Texte inspiré par la photo de miletune un peu en prolongement du prénom de ce mercredi Damon, le chiffonnier

77a-pour-milletune.jpg

Allongé dans la lumière du midi, il ressemble à un vacancier posé sur ce banc. Si ce n'est la petite voiture à bras. Il l'a laissé un peu plus loin, hors champ, mais 

à portée de son regard. C'est son seul bien, avec sa besace. Alors, il ne la perd jamais de vue.

 

Envie d'une pause sous ce soleil carnassier. Il a vu le banc libre, aucun garde ni chaisière alentours. Quelques instants dans la fontaine. Fraîcheur bienfaisante. Ah vous pensiez que c'était pour se nettoyer les pieds ?

 

Il aurait bien aimé s'allonger sur l'herbe. C'est ce qui lui est le plus familier. Mais dans ce lieu du ban des villes, même si l'oeil ne le voit pas immédiatement, l'herbe est sale. Oui sale des pluies acides ; sale des pipis des chiens et des chats. Sale des crachats et des trop-plein de canettes ...

 

Et surtout, surtout, c'est un gigantesque cendrier plein de mégots.

 

Le chemineau regrette d'avoir emboîté le pas de son père.

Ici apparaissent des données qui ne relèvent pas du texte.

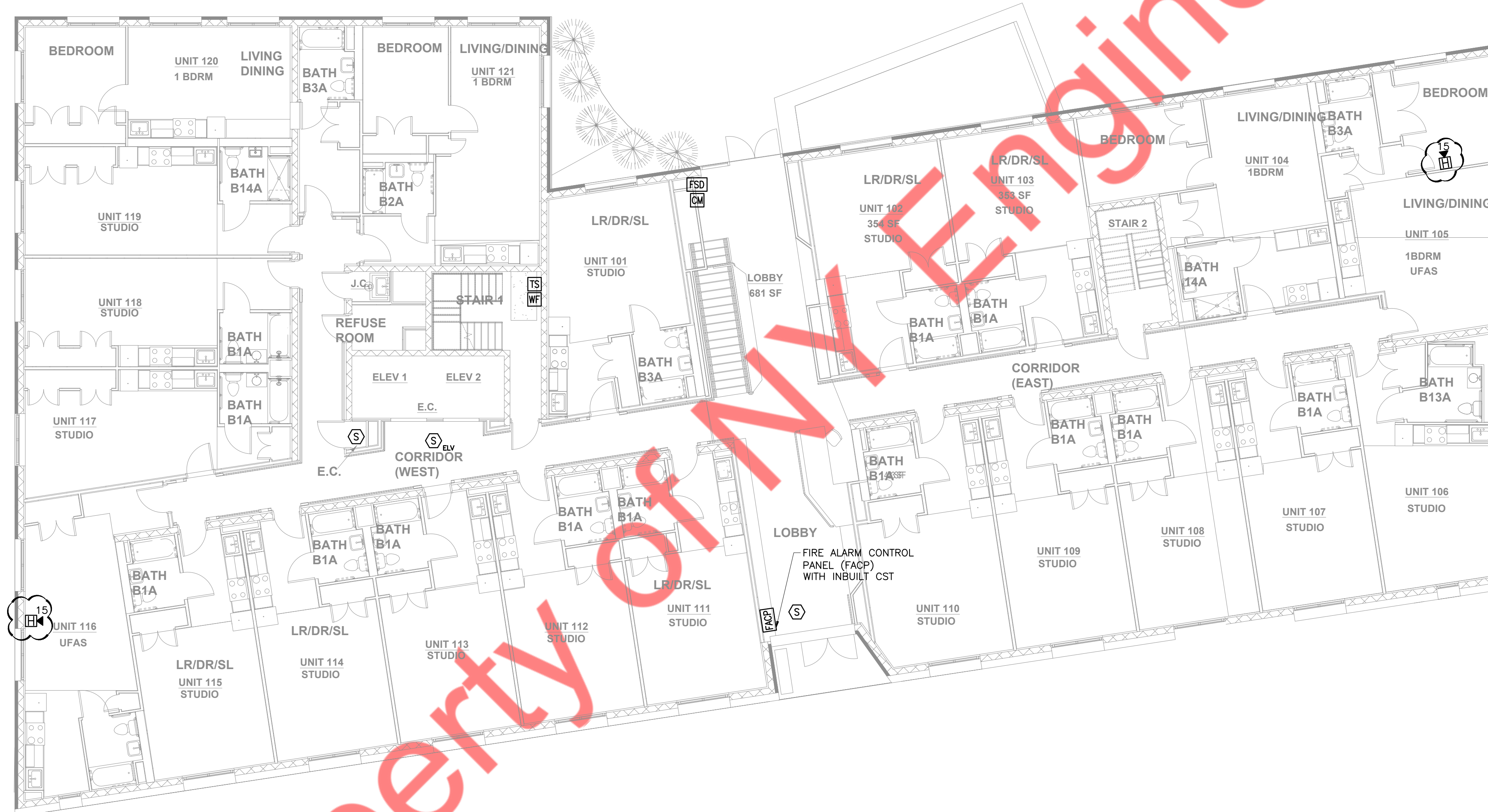
1 GROUND FLOOR FIRE ALARM PLAN SCALE: 1/8" = 1'-0"

Il lui avait fait miroiter une vie, chiche c'est vrai, il ne l'avait pas trompé là-dessus, mais aussi une vie libre, et proche d'une nature encore accessible.

 

La nature accessible, ce n'est plus que ces terrains laissés à l'abandon ou, par chance, tranformés en espaces verts avec d'immenses pelouses et quelques bancs.

 

Les prés ont disparus avec les haies, les champs, cultivés, le plus souvent interdits aux promeneurs, et avec quelle énergie ! Alors les gens de son espèce pensez donc ! les chemins trop souvent se perdent dans des labours abusifs.

 

Son métier n'est plus ce qu'il était ! La ville n'en finit plus de coloniser la campagne dans un entre-deux indéfinissable. Impossible de faire du porte-à-porte dans ces nouveaux immeubles dressés en barres immenses, voire en tours à l'assaut du ciel. Leurs habitants, de toutes façons n'ont pas eu le temps d'accumuler de vieilleries.

 

Les villageois et les fermes isolées de maintenant lui sont moins accueillants. Heureusement, il y a les vieilles connaissances et leurs enfants qui l'accueillent encore joyeusement.

 

Il a fouillé dans les nippes et trouvé cette chemisette. C'est vrai, le col est bien rapé, mais elle fera encore l'affaire.

 

Ce magazine est de l'année dernière, tiens,il y a un feuilleton sur les chemineaux. Et plusieurs numéros qui se suivent. Voyons voir comment ils se figurent notre vie ces écriveux.

 

Ce que le journal livre par épisodes, c'est un ancien roman de la comtesse de Ségur "Diloy le chemineau". La pile comprend la série qui lui permettra de suivre l'histoire. Enfin, avec quelques trous. Mais la chaleur et la fatigue l'écrasent trop. Sea paupières sont si lourdes. Tant pis pour le cadre de la photo, il se lève, déplie sa carcasse rouillée, rapproche la charette pour l'avoir tout près de lui. Dispute le banc à deux pigeons.

 

Maintenant, il peut se laisser aller à dormir. toujours d'un oeil. Il pourrait, en ces heures écrasantes, baisser la garde ... Personne ne s'aventurera comme lui dans cette chaleur avant les premières heures du soir. 

 

C'est là tout le paradoxe, il n'y a personne pour le lui dire.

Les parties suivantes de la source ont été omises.